The Sharpless Asymmetric Dihydroxylation of terminal alkene 6 with AD-mix-β employing the standard protocol [45,46,47], led only to low yields of diol (R)-7 (Scheme 1). Increasing of the amount of chiral ligand (DHQD)2PHAL, oxidant (K2OsO4) and cooxidant (Na3[Fe(CN)6] and a longer reaction time did not lead to reproducible high yields of diol (R)-7. It was assumed that the reason for the low yields of (R)-7 was the low solubility of alkene 6 in a 1:1 tert-butanol-water solvent mixture. Despite the addition of different cosolvents (e.g., tert-butyl methyl ether, THF) to the solvent mixture, the yields were not improved. However, the yield was considerably raised when increasing the amount of solvent mixture from 10 mL to 60 mL/mmol alkene. The (R)-configured triol (R)-7 was obtained in a reproducible yield of 82%. Analogously the (S)-configured enantiomer (S)-7 was accessible in 74% yield, when using AD-mix-α for the dihydroxylation step.

Reaction of triol (R)-7 with tosyl chloride, NEt3 and DMAP provided the 2-benzofuran (S)-8 in 50% yield.
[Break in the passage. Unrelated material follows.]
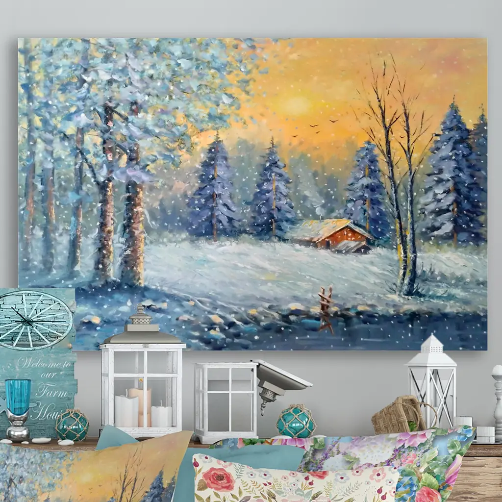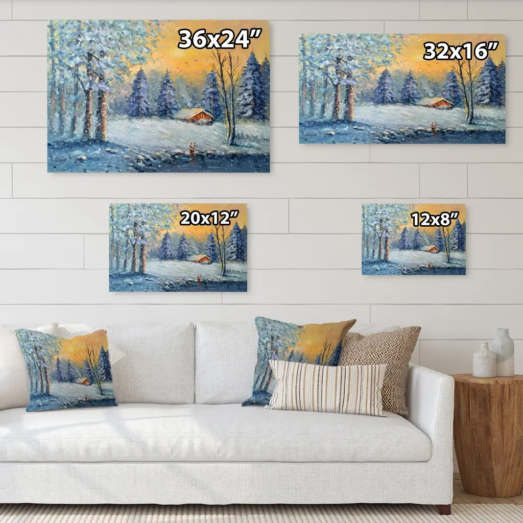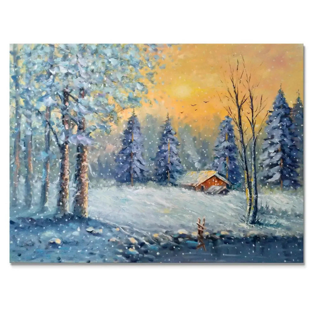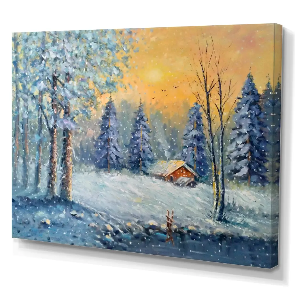 This beautiful Cottage In Forest During Christmas Canvas Art is printed using the highest quality fade resistant ink on canvas. Every one of our fine art giclee canvas prints is printed on premium quality cotton canvas, using the finest quality inks which will not fade over time. Each giclee print is stretched tightly over a 1 inch wood sub frame for small size prints or a 1.5 inch wood sub frame for large size prints (40x30 60x28 ...) ensuring the canvas is taught and does not buckle. This canvas art print is gallery-wrapped (the design continues on the sides) , giving it a real art gallery feel. All of our canvas prints are carefully packaged with plastic protection, fragile labeling and sturdy boxes to ensure a safe delivery. Every canvas print arrives ready to hang on the wall, with the hanging kits included. - Style : Traditional - Subject : Landscapes, Landscape & Nature, SunriseSunset - Color : Blue - This canvas giclee print is gallery-wrapped (the design continues on the sides) , giving it a real art gallery feel. - Premium quality cotton canvas. - Arrives ready to hang on the wall - Easy to Hang

It is assumed that tosyl chloride reacts predominantly with the primary OH-moiety of triol (R)-7. In the presence of base the resulting primary tosylate forms an oxirane, which is opened by the tertiary alcohol giving the five-membered 2-benzofuran. Finally the primary alcohol reacts with a second equivalent tosyl chloride to form the tosylate (S)-8. Reaction of 2-(2-bromophenyl)oxirane (R)-9 with n-BuLi and subsequently with 1-Boc-piperidin-4-one led to an analogous 2-benzofuran ((S)-10) upon regioselective opening of the oxirane ring by the intermediate lithium alcoholate [35].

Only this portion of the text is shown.